### WORK TO BE COMPLETED
Return the whole listing unchanged. Drop the images.

### DATA SEGMENT
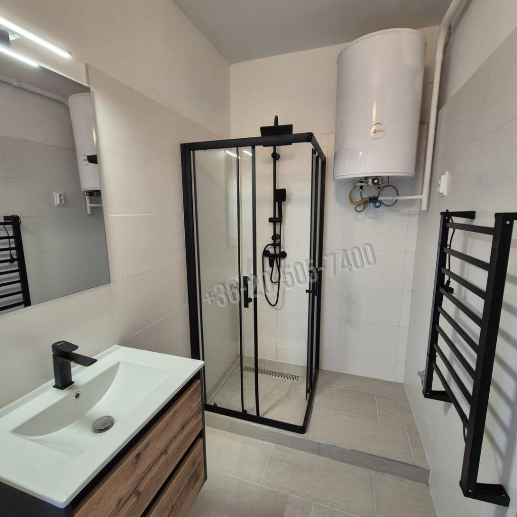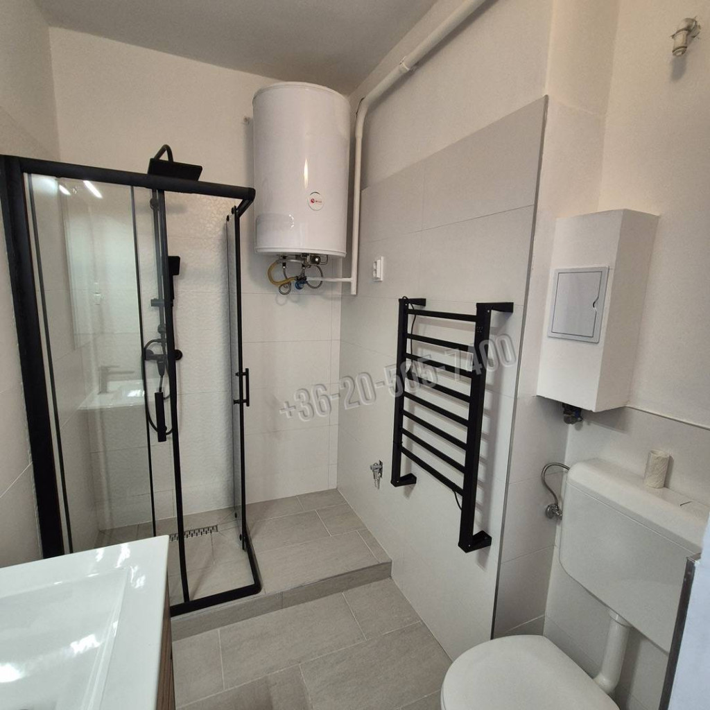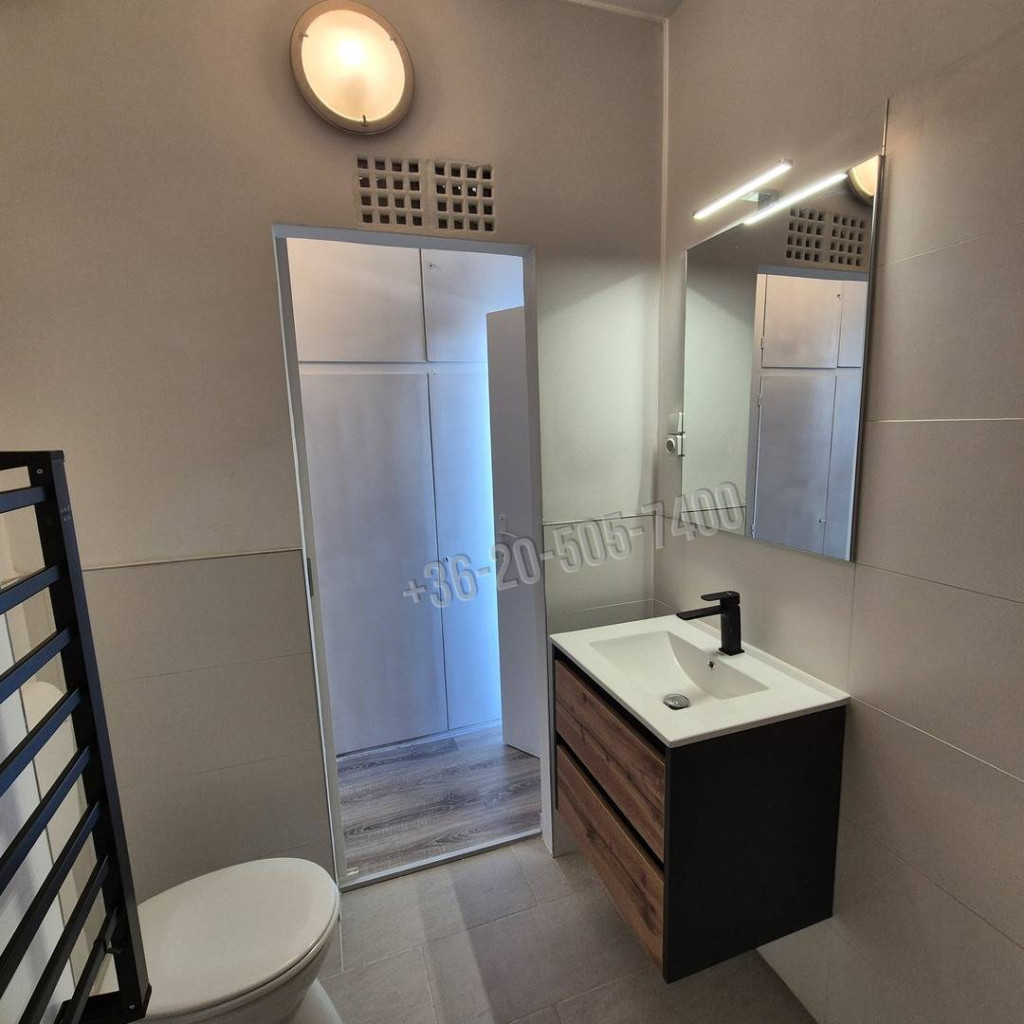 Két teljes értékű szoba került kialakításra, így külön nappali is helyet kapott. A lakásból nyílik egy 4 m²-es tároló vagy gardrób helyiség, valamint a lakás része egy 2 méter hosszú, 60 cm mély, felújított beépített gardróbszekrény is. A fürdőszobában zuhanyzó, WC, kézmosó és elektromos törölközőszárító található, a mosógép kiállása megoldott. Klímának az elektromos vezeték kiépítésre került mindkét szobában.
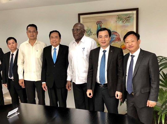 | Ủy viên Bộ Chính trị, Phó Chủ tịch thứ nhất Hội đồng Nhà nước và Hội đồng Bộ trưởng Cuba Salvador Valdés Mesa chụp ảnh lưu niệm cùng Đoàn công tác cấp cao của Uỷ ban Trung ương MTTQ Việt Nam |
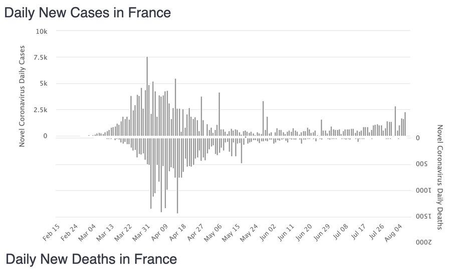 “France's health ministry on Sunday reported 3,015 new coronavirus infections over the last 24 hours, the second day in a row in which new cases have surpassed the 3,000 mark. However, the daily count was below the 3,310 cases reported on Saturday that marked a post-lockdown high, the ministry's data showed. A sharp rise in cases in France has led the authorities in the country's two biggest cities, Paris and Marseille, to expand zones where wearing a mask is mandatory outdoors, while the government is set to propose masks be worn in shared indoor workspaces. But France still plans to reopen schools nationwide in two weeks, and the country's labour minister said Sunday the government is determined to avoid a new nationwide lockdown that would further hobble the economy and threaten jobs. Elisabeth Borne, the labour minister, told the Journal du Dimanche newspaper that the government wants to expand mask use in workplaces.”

### RESULT
 Két teljes értékű szoba került kialakításra, így külön nappali is helyet kapott. A lakásból nyílik egy 4 m²-es tároló vagy gardrób helyiség, valamint a lakás része egy 2 méter hosszú, 60 cm mély, felújított beépített gardróbszekrény is. A fürdőszobában zuhanyzó, WC, kézmosó és elektromos törölközőszárító található, a mosógép kiállása megoldott. Klímának az elektromos vezeték kiépítésre került mindkét szobában.
 | Ủy viên Bộ Chính trị, Phó Chủ tịch thứ nhất Hội đồng Nhà nước và Hội đồng Bộ trưởng Cuba Salvador Valdés Mesa chụp ảnh lưu niệm cùng Đoàn công tác cấp cao của Uỷ ban Trung ương MTTQ Việt Nam |
 “France's health ministry on Sunday reported 3,015 new coronavirus infections over the last 24 hours, the second day in a row in which new cases have surpassed the 3,000 mark. However, the daily count was below the 3,310 cases reported on Saturday that marked a post-lockdown high, the ministry's data showed. A sharp rise in cases in France has led the authorities in the country's two biggest cities, Paris and Marseille, to expand zones where wearing a mask is mandatory outdoors, while the government is set to propose masks be worn in shared indoor workspaces. But France still plans to reopen schools nationwide in two weeks, and the country's labour minister said Sunday the government is determined to avoid a new nationwide lockdown that would further hobble the economy and threaten jobs. Elisabeth Borne, the labour minister, told the Journal du Dimanche newspaper that the government wants to expand mask use in workplaces.”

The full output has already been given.